We all have someone we can turn to at times (or should have) but i wasn't getting the right answers i needed to hear, even if i didn't like it. No one had the BALLS to tell me the truth, how could anyone? They themselves had no one either! I was getting tired of the clowning and laughing instead of being taken seriously.

My only close friends were now locked up somewhere and couldn't help themselves so i had to look elsewhere. I was young and yet i was living my life as a old man. I had too much weight on me and it was wearing me down. I should have been playing sports or something where all this energy could go that wasn't being used on anything other than doing wrong. I never went hiking or camping, i never thought it would be cool to do those kinda things and besides...I didn't really have anyone ever ask me if i was maybe interested or invite me.
Now...so many years later, I finally know what its like and its totally cool! (camping and stuff) But back then all i was into was stealing cars and going to juvy. Sure i did other things too but it wasn't any good and it only lasted a while....now what do we do?
Being bored only cause me to look for trouble, and it wasn't hard to find cause usually it came to me. My attitude and appearance didn't do me no good. Sometimes i had guys chasing me for no reason, but there always was a reason... i just didn't get it!
Nobody was gonna tell me anything about anything! This was who I am and thats all there was to it!
Shit, I was proud of it and it showed! Alot of people were afraid of me cause i looked bad and acted tough...but inside, I was scared. I never knew who would be around the corner and as long as i stood close to home, i felt safe but i also knew i couldn't do that...I needed to get around, I couldn't just hide! I figured that one day i would run into the wrong people and i would wind up like some homie...either shot or stabed.
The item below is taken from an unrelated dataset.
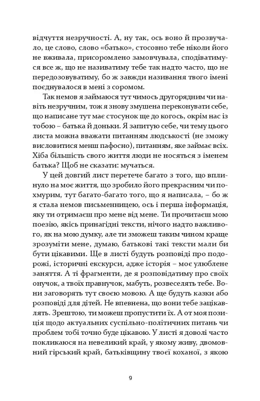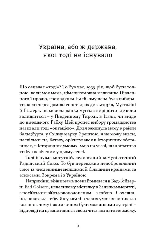 Героїня есеїстичного роману «Лист в Україну», в якій упізнаємо риси й деталі біографії авторки, інтенсивно цікавиться Україною, маючи для цього особисті мотиви (її біологічним батьком був військовополонений офіцер родом з Києва), а водночас вбачаючи чимало паралелей між Україною та своєю батьківщиною – Південним Тиролем, автономною північно-італійською провінцією, понад 60 % населення якої вважає своєю рідною мовою німецьку. Відстежуючи асоціативні, нерідко полемічні повороти оповіді авторки, читачі зможуть збагатитися низкою типових для європейської історії сюжетів – від Середньовіччя з його видатним монархом Максиміліаном І до сучасних подій у змаганні південнотирольських діячів культури за збереження самобутньої культури регіону.

I knew it would cause ALOT OF PAIN to my Mom, my Dad, my whole Family but i was gonna do what i wanted and hang out with the homies, cause i was there for them and they were there for me but thats as far as it could go. We all went our own way at the end of the night. I still needed someone who would accept me even if i didn't always go along with it...know what i mean? Maybe...maybe not.

I didn't realize that some of my homies didn't like me cause i stood up to them instead of letting them tell me what to do. They never showed it but would talk behind my back to the others. I finally started to see what my life meant to them and it wasn't much. If they could have used me in any stupid kinda way they would have. At least i knew better than that, but i saw alot of homies give in or try to look cool by doing something real stupid. They were the only ones who paid the price for it too.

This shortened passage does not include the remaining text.